Ewan Maccoll and Peggy Seeger

  April 17, 2022   Read time 2 min
Ewan Maccoll and Peggy Seeger
Ewan MacColl was born Jimmie Miller in Salford in 1915, the son of Scots parents who had moved to England in 1910. He early left school and took various working-class jobs while becoming self-educated at the Manchester Public Library.
He wrote for factory newspapers and composed satirical songs before devoting his life to radical politics and theater. He married Joan Littlewood, a young actress, and they formed the Theatre of Action in Manchester, the first of a series of labor theaters into the early 1950s, although he had by now become divorced and married the dancer Jean Newlove. He had also switched to performing and promoting folk music, and in 1953 founded the Ballads and Blues Club (later the Singers Club) in London with Alan Lomax, A. L. Lloyd, and Seamus Ennis.
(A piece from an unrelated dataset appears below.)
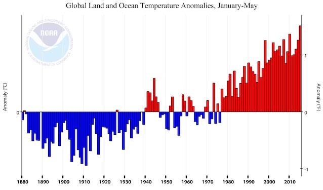 - Hottest January-May on record by far “at 0.85°C (1.53°F) above the 20th century average, surpassing the previous record set in 2010 by 0.09°C (0.16°F).”

From the 1930s he had worked as an actor, narrator, writer, and producer on BBC radio, having been involved with various experimental programs. In 1956 he met Peggy Seeger and they collaborated on a series of musical documentaries, known as the Radio-Ballads, for BBC, for example Song of a Road on highway building, Singing the Fishing on the herring industry, and The Big Hewer on coal miners.
Peggy Seeger, born in 1935, was the daughter of musicologist Charles Seeger and composer Ruth Crawford Seeger, the sister of Mike Seeger, and the half-sister of Pete Seeger. A gifted musician on the piano, guitar, and banjo, with a rich folk music background, she first met MacColl on a trip to England in 1956, and they began living together in 1959. Peggy began recording folk albums in the 1950s, which she would continue into the next century. They had been part of a skiffle group, the Ramblers, along with Lomax, and in the 1960s began a series of albums together, including The Long Harvest (ten volumes), and Blood and Roses (five volumes), as well as recording numerous albums separately. They also kept up an active performing schedule, and composed many songs; MacColl’s most popular, “The First Time I Ever Saw Your Face,” written for Peggy, was a hit by Roberta Flack in 1971. The Peggy Seeger Songbook: Warts and All: Forty Years of Songmaking was published in 1998, and The Essential Ewan MacColl Songbook: Sixty Years of Songmaking three years later in 2001. They also recorded numerous traditional singers in Great Britain and published their songs in Travellers’ Songs of England and Scotland and Doomsday.
MacColl died in 1989, and his Journeymen: An Autobiography was published the next year. Following Ewan’s death, Peggy divided her time between living in the United States and England, and continued her busy performance schedule. MacColl and Seeger long combined their musical and political lives, creating a potent mix that has had great influence, although not without controversy. They also demonstrated the strong connections between folk music in Great Britain and the United States.